Mt 18,15-20
SI TU HERMANO ESTÁ PECANDO
Jesús nos dice, en el evangelio, el protocolo a seguir en caso de que algún hermano o hermana de la comunidad caiga en pecado. Él señala tres niveles del proceso a seguir para favorecer que haga caso a las correcciones. El primero de estos es:
“Reprender a solas”. Llama la atención que el Señor, para referirse al que está pecando, le distingue como “hermano”, “hermana”. Esa persona a la que vas a corregir es tu propia sangre o tu propia carne, es un ser humano vulnerable igual que tú, comparten la misma fragilidad. Quiere decir que tú también podrías estar en su lugar, o has pasado por esto. El único argumento válido para atreverse a llamar a alguien en particular para decirle algo a mejorar es el amor. Por eso, cuando se ama, no se quiere desacreditar en público, se lavan los trapos sucios con discreción a fin de que quien esté en falta tenga la oportunidad de enmendarse. La persona es libre de acoger o no, las pautas de conversión. Con todo, si no recapacita, viene el segundo paso.
“Llama a otro o a otros dos”. Quien no conoce su propia miseria no sabe manejarse con la miseria de los demás. Cuando tú corriges a alguien lo haces desde tu fortaleza hacia la debilidad del otro; y en ocasiones brota salpicada de ira. Sin embargo, quien va madurando en el amor, va introduciéndose en las correcciones desde la caridad y la propia fragilidad. La caridad es el motivo de buscar refuerzo cuando la persona no quiere entender. Se persigue sumar fuerzas y criterios para hacerla entrar en razón. Si varias personas te dicen lo mismo y la terquedad no te permite entender, no te quejes luego de las cicatrices del pecado. Con todo, hay un chance más.
“Díselo a la comunidad”. Lo que pudo resolverse discretamente ahora se ha tornado un tema internamente conocido por todos. Es duro llevar la contraria a la comunidad, apartarse, aislarse, porque al hacerlo se le está dando las espaldas al mismo Señor, quien asegura: “Donde dos o tres están reunidos en mi nombre, allí estoy yo en medio de ellos”. ¿Cómo crees que te irá sin hacer caso a las exhortaciones de Jesús? La comunidad lucha por ti hasta último momento, agota los recursos. Espera a que colabores, que te abras a la gracia. Si persiste la necedad en tu persona, entonces, nada puede hacer. Ni el mismo Dios violenta tu libertad. No hacer caso a la comunidad es arriesgar tu puesto de hermano para asumir el rol de un pagado, incrédulo.

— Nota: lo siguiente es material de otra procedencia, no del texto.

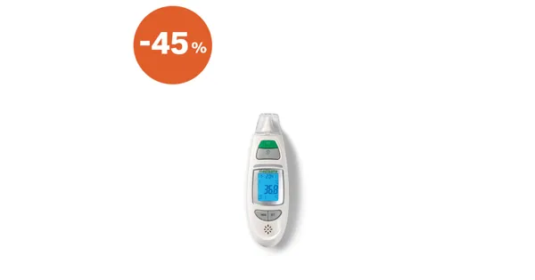 FIEBERTHERMOMETER • zertifiziertes Medizinprodukt • präzise und sekundenschnelle Messung der Körpertemperatur an der Stirn und im Ohr • Zusatzfunktion: Messung von Umgebungstemperatur, Flüssigkeiten und Oberflächen (0 °C – 100 °C) • optischer Fieberalarm durch Farbwechsel • Anzeige von Datum und Uhrzeit • automatische Speicherung der letzten 30 Messwerte • inkl. Batterien: 2 × 1,5 V AAA
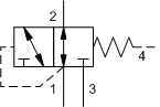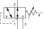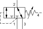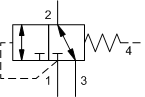 4 ports, port 3 to 4 open, port 2 blocked, direct acting, 3-way

El evangelio asegura que todo lo que la comunidad, reunida en torno a Cristo, ate en la tierra, quedará atado en el cielo, y todo lo que desate en la tierra quedará desatado en el cielo. Esta afirmación evidencia y fundamenta la continuidad de esta vida, más allá. Tus actitudes, tu postura, tu manera de situarte en este momento de la historia será una prolongación de lo que vivirás cuando dejes de peregrinar por este valle. Pon atención a lo que dice la comunidad y tendrás una idea de lo que te dirán los representantes del cielo.
Preguntas del silencio: ¿tú haces caso a las correcciones a la primera o hay que agotar todos los procesos contigo? ¿Tú apagas el fuego cuando está pequeño, o dejas que las llamas se alboroten y acaparen la atención de todos? ¿Le echas la culpa a los demás de tus errores, o vas asumiendo responsablemente las cosas cuando no las haces bien? ¿Tú corriges con arrogancia o con misericordia? ¿Tú sabías que, cuando intentas corregir, tu voz delata si te estás situando por encima de los demás o estás amando? ¿Has caído en la actitud de jactarte, porque no eres como los demás pecadores? ¿En qué te ayudaría pedirle al Señor que te muestre tus propias miserias antes de corregir las miserias de los demás? ¿Tú, alguna vez, has invertido el protocolo de corrección, y el último que se enteró fue la persona en falta?
Señor: hoy vengo a pedirte luz y humildad. Luz para que mi mente se abra a la claridad de tus palabras; que ellas iluminen mi noche. Que tu Espíritu modele mis resistencias y la mansedumbre me alcance. Que pueda ver, Señor, aquello que me oculta mi ceguera espiritual. Y te pido humildad, para dejarme conducir por el hermano, la hermana, la comunidad, que me hablan en tu nombre. Dame la humildad de la cruz. Esa santa cruz donde silencia toda soberbia y pretensiones. Que pueda, Señor, guardar silencio a la hora de la corrección, porque quiera enderezar mi camino y ser fiel a ti. Perdóname las veces que corregí sin amor ni paciencia. Que pueda siempre tener presente, Señor, que con la misma medida que mida, me medirán a mí.